KONSEP VMOS, 7-S McKINSEY, dan PERSONAL VALUES

VMOS

VMOS merupakan kepanjangan dari Vision, Mission, Objectives and Goals, Strategy. Dalam wacana tentang formasi strategi perusahaan, VMOS merupakan elemen utama yang harus dikaji secara terstruktur. Saya menggunakan istilah “everything from within for everything outside” dalam menjelaskan hubungan antara elemen VMOS (perhatikan Gambar1)

Gambar 1.

VMOS

Gambar Konsep Visi, Misi, Sasaran & Tujuan, Strategi

 

Gambar Konsep Visi, Misi, Sasaran & Tujuan, Strategi

Dalam dunia manajemen, VMOS merupakan suatu rangkaian tak terputus yang memberikan arahan bagi pencapaian tujuan akhir suatu organisasi.

Vision, merupakan suatu raison d’etre suatu organisasi, yaitu alasan pembenar mengapa suatu organisasi berdiri/terbentuk serta akan dibawa ke mana (apa yang ingin dicapai) organisasi yang dibentuk tersebut. Visi merupakan suatu keinginan terhadap keadaan masa datang yang dicita-citakan oleh organisasi. Biasanya visi dibuat oleh para pendiri organisasi, tetapi tidak tertutup kemungkinan sebuah visi direvisi jika ternyata perubahan-perubahan internal maupun eksternal organisasi telah menyebabkan visi tersebut menjadi tidak sesuai lagi. Secara sederhana, visi biasanya sanggup menjawab pertanyaan, “organisasi ini ingin menjadi apa?”

Derek F. Abell, membedakan vision menjadi dua, present vision dan future vision. Seorang manajer yang andal adalah manajer yang sanggup memadukan gerak langkah visi saat ini dalam bentuk bagaimana bisnis dijalankan hari ini dalam kerangka mencapai visi masa depan yang ingin dicapai (Abell, 1993).

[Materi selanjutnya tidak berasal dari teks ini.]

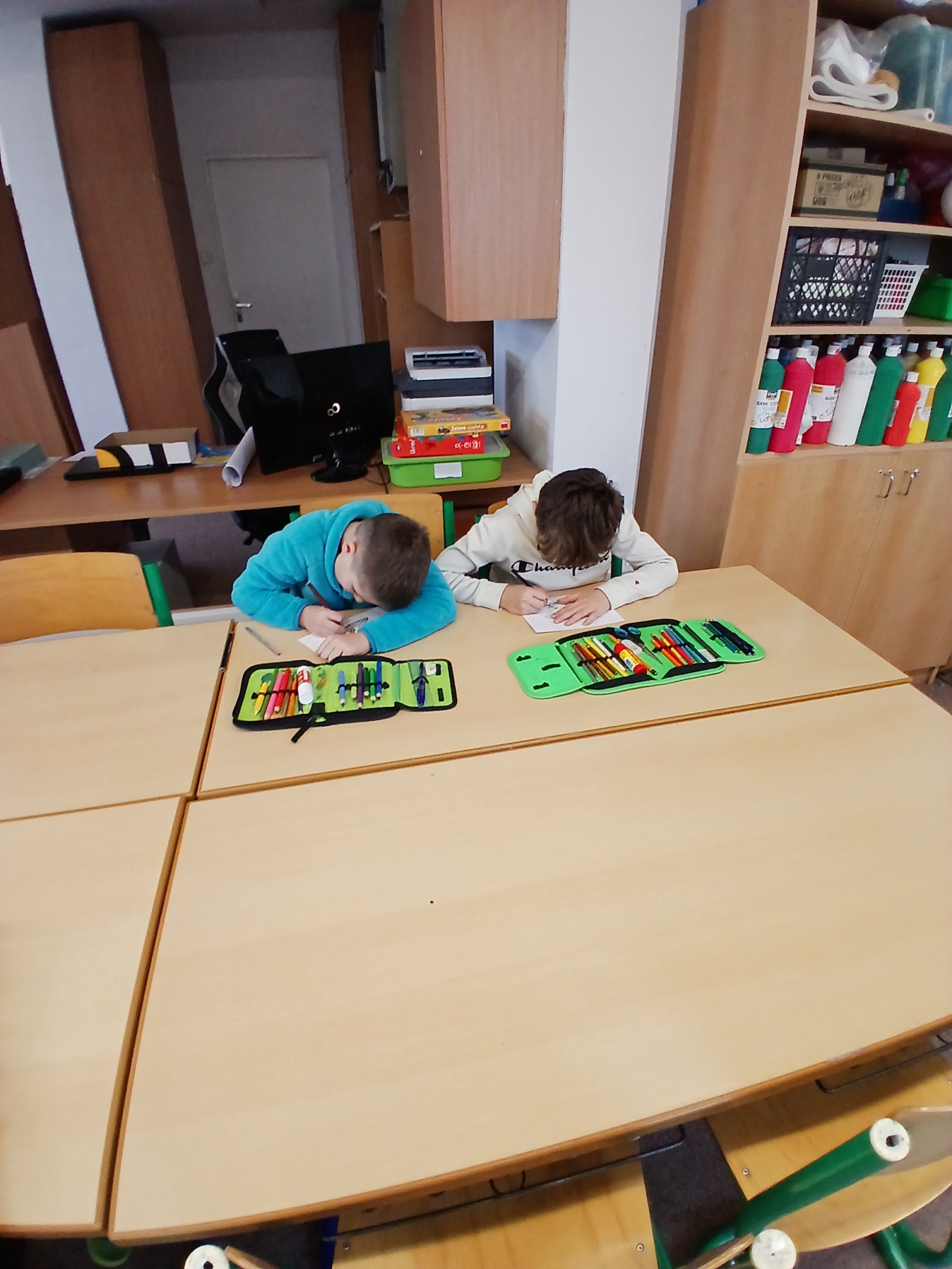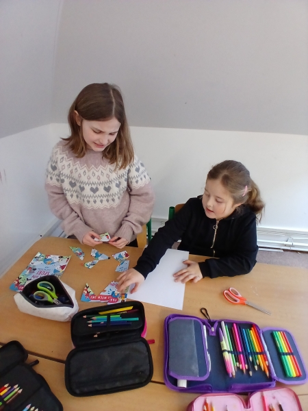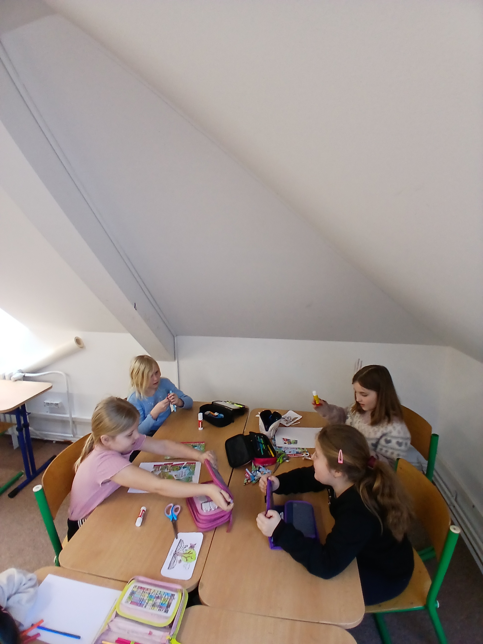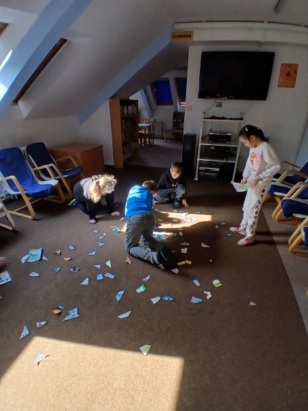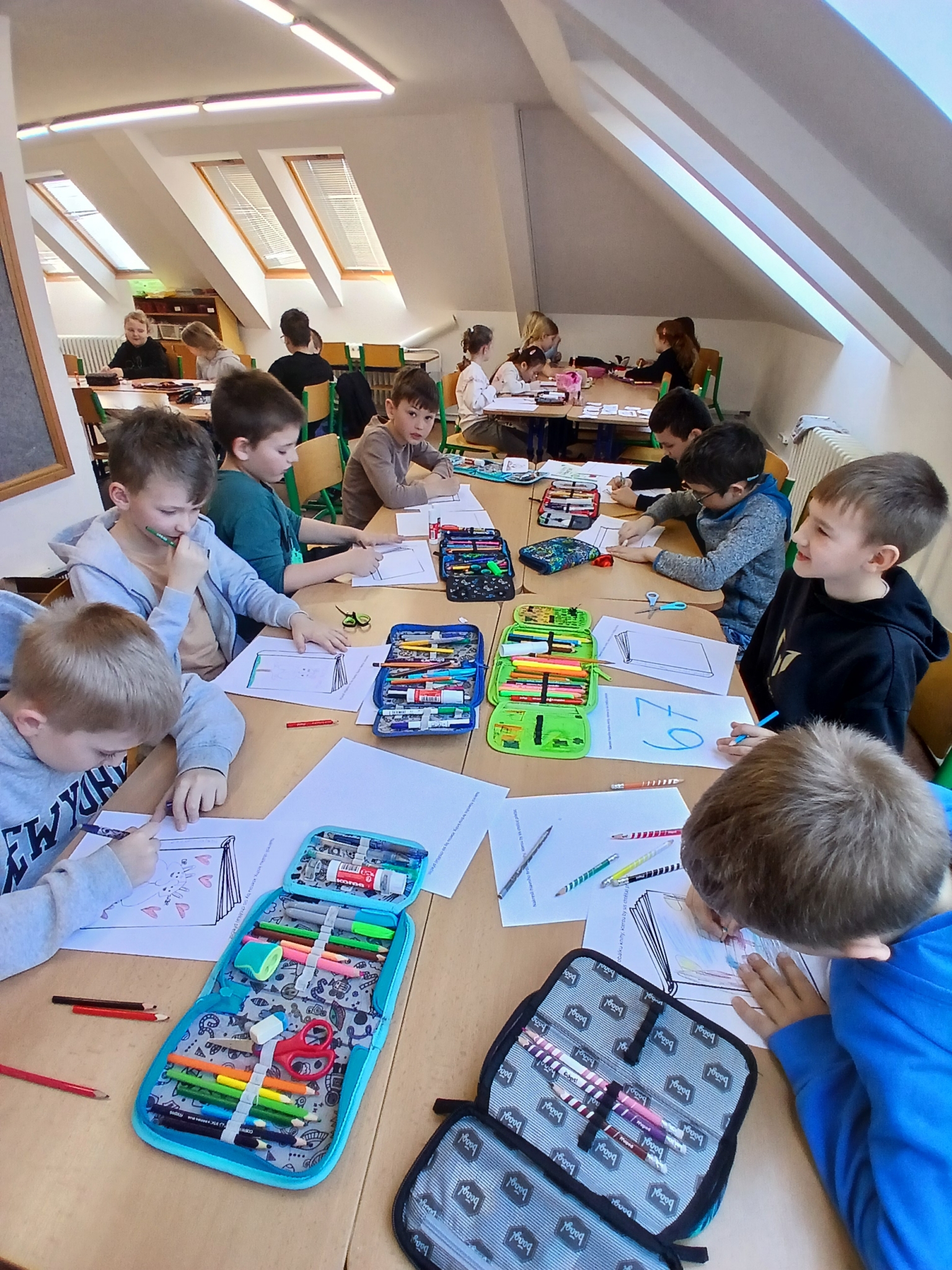 V ateliéru si děti vyzkoušely práci ilustrátorů – skládaly obálky knih, navrhovaly svou vlastní titulní stranu a vymýšlely vlastního knižního hrdinu. Společně vznikl i krásný kooperativní obrázek. ????✨

Mission disebut juga sebagai the chosen track yang diambil dalam rangka mewujudkan visi. Dalam banyak hal, orang cenderung menyatukan visi dan misi (sehingga terkadang menjadi agak kabur, karena telah melebur). Secara sederhana, misi sanggup menjawab pertanyaan, “apakah bisnis organisasi ini?” Mission Statements adalah pernyataan jangka panjang tentang alasan yang membedakan antara organisasi satu dengan lainnya. Mission statements mengidentifikasikan ruang lingkup operasi suatu organisasi (perusahaan) dalam hal produk dan pasarnya. Mission statements yang baik harus sanggup menjawab minimal satu di antara pertanyaan dari delapan elemen berikut ini (David, 1998):

  1. Customers: siapakah kastemer perusahaan?
  2. Products or Services: apakah produk atau layanan utama perusahaan?
  3. Markets: secara geografis, di manakah perusahaan bersaing?
  4. Technology: apakah teknologi perusahaan tidak tertinggal?
  5. Concern for survival, growth, and productivity: apakah perusahaan berusaha untuk tumbuh dan apakah secara keuangan dalam keadaan baik?
  6. Philosophy: apakah kepercayaan, nilai, aspirasi, dan prioritas etik dasar dari perusahaan?
  7. Self-Concept: apakah keunggulan yang membedakan atau keunggulan kompetitif utama dari perusahaan?
  8. Concern for Employees: apakah pegawai menjadi asset berharga perusahaan?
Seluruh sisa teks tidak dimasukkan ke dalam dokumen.